Vicki and Craig Dunnam manage the trailer and have a beef ranch near Westby. Vickie said she had originally ordered 1,000 ribeye for each of the association's two weekends at the Drive-Thru but doubled her order after hearing about the success from the Wisconsin Pork Producers Association during the opening weekend. On that Thursday, the very first customer ordered 22 ribeye sandwiches.
"It's really quite crazy," Vicki Dunnam said. "The spirit is still the same. We can feel just the happiness of being here. The park is still here, it's just that it's a little different."
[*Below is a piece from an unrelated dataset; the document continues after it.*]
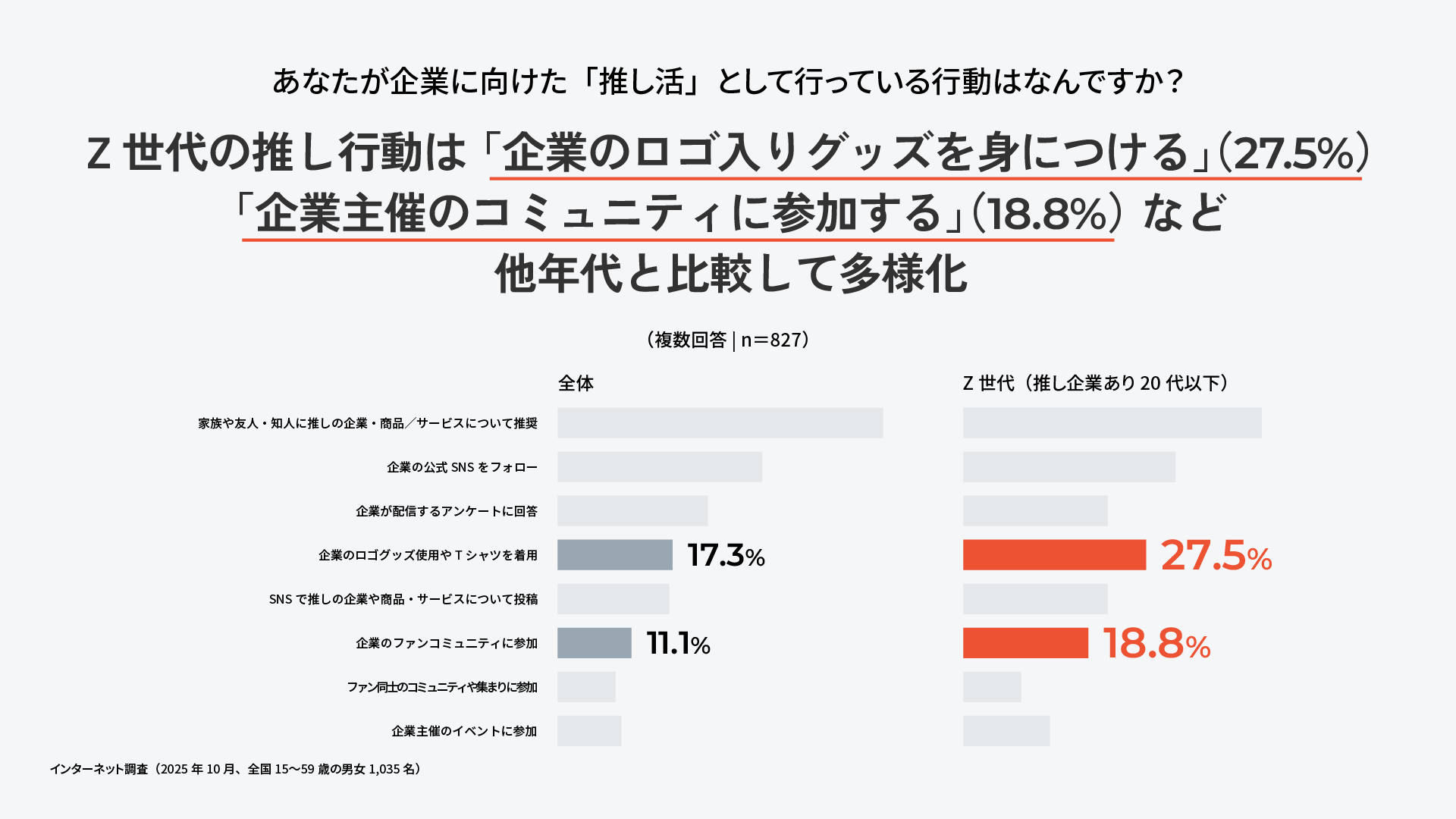 4.【企業/ブランドに対する具体的な「推し行動」について】推し活の内容としては「家族や友人・知人に推奨」「企業の公式SNSフォロー」が上位に挙がる結果に。一方で、Z世代の推し行動は「企業のロゴ入りグッズを身につける」(27.5%)「企業主催のコミュニティに参加する」(18.8%)など他年代と比較して多様化。

The trailer helps fund marketing, education and advocacy efforts for the association but the Drive-Thru has been its only gig this year. The WPS Farm Show in Oshkosh, Midwest Horse Fair and World Dairy Expo, both in Madison, have all been scuttled. The World Beef Expo next month at State Fair Park remains an in-person event for now but its unclear if food vendors will be a part of the event, said Charlene Becker, the Beef Expo's executive director.
The Cattlemen's Association has been a staple at the State Fair for the past 25 years, and even though the fair is not same, grilled beef from a pair of massive propane grills is triggering the senses. The menu also includes hamburgers, cheeseburgers and all-beef quarter-pound hot dogs. Roast beef is not being offered.
"Due to COVID we have a limited menu this year," Craig Dunnam said during a tour of the trailer. "We're doing the best we can to cope with the changes."